== Segment start ==

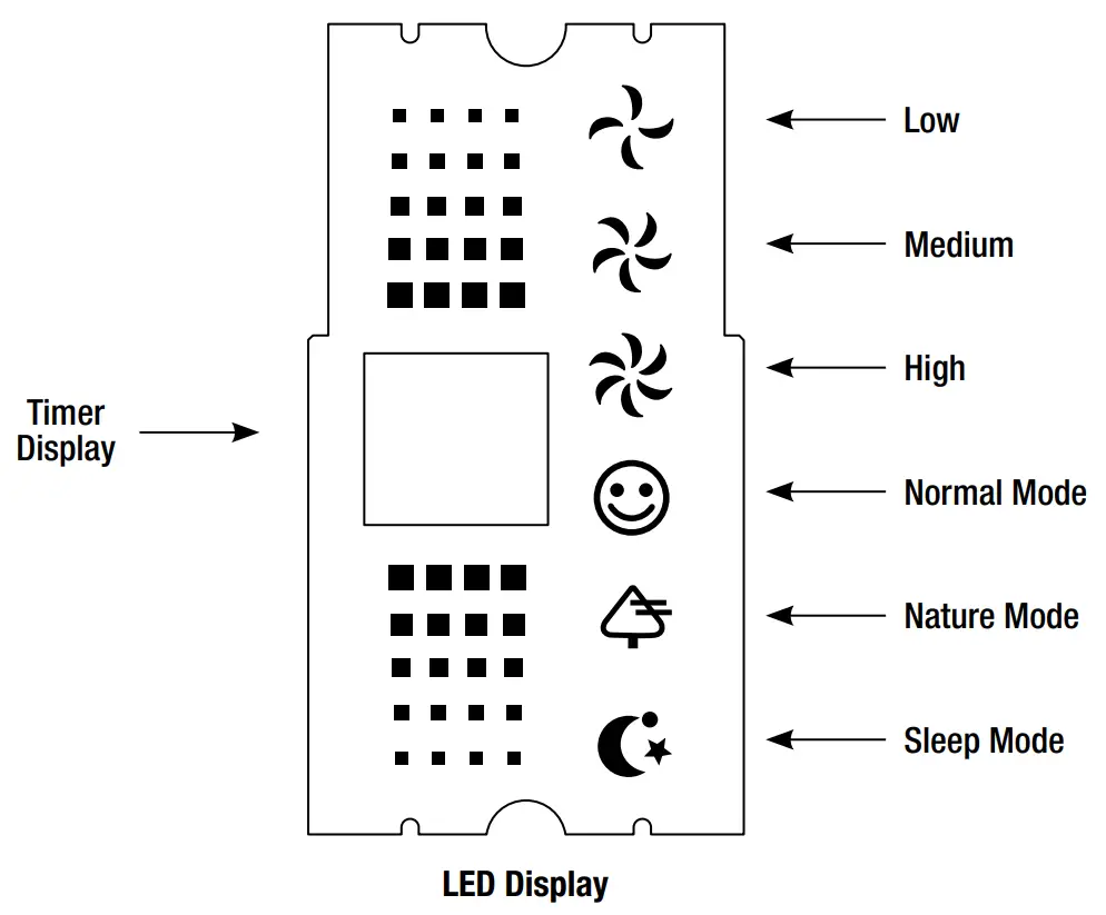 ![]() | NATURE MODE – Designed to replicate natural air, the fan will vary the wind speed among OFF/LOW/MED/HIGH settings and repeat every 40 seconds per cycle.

== Segment end ==
== Segment start ==

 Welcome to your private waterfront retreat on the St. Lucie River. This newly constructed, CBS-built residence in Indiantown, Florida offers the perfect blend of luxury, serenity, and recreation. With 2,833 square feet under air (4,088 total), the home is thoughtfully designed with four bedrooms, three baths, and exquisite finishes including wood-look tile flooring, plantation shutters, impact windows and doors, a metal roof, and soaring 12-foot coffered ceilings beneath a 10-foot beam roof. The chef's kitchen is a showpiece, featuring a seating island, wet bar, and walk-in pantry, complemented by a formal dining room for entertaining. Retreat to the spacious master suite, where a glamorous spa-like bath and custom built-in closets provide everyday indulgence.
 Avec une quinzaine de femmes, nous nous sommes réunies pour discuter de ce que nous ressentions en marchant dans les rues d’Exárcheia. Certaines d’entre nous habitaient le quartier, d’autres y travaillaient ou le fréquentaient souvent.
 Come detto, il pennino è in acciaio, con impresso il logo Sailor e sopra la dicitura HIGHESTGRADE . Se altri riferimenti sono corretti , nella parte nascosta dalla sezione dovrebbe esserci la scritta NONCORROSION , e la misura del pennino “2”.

== Segment end ==
== Segment start ==

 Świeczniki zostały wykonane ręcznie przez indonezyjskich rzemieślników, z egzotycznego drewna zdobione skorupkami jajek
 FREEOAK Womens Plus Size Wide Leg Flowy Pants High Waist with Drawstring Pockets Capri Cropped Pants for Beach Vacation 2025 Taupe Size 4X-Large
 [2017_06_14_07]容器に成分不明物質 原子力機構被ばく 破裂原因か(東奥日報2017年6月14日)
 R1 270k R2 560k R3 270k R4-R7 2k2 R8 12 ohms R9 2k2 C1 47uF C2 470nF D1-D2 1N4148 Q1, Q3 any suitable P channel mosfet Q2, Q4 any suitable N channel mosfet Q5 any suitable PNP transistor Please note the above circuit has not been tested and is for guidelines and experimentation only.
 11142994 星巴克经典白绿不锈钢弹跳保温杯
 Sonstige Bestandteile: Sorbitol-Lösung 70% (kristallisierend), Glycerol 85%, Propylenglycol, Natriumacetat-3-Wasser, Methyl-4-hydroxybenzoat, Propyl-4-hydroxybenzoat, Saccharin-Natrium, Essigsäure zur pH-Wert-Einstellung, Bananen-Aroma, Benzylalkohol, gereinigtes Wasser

== Segment end ==

When the line with "11142994 星巴克经典白绿不锈钢弹跳保温杯" is reached in the data above, start copying there, and copy each line exactly until the line with "Sonstige Bestandteile: Sorbitol-Lösung" has been copied; copy nothing else.

Exercise result —
 11142994 星巴克经典白绿不锈钢弹跳保温杯
 Sonstige Bestandteile: Sorbitol-Lösung 70% (kristallisierend), Glycerol 85%, Propylenglycol, Natriumacetat-3-Wasser, Methyl-4-hydroxybenzoat, Propyl-4-hydroxybenzoat, Saccharin-Natrium, Essigsäure zur pH-Wert-Einstellung, Bananen-Aroma, Benzylalkohol, gereinigtes Wasser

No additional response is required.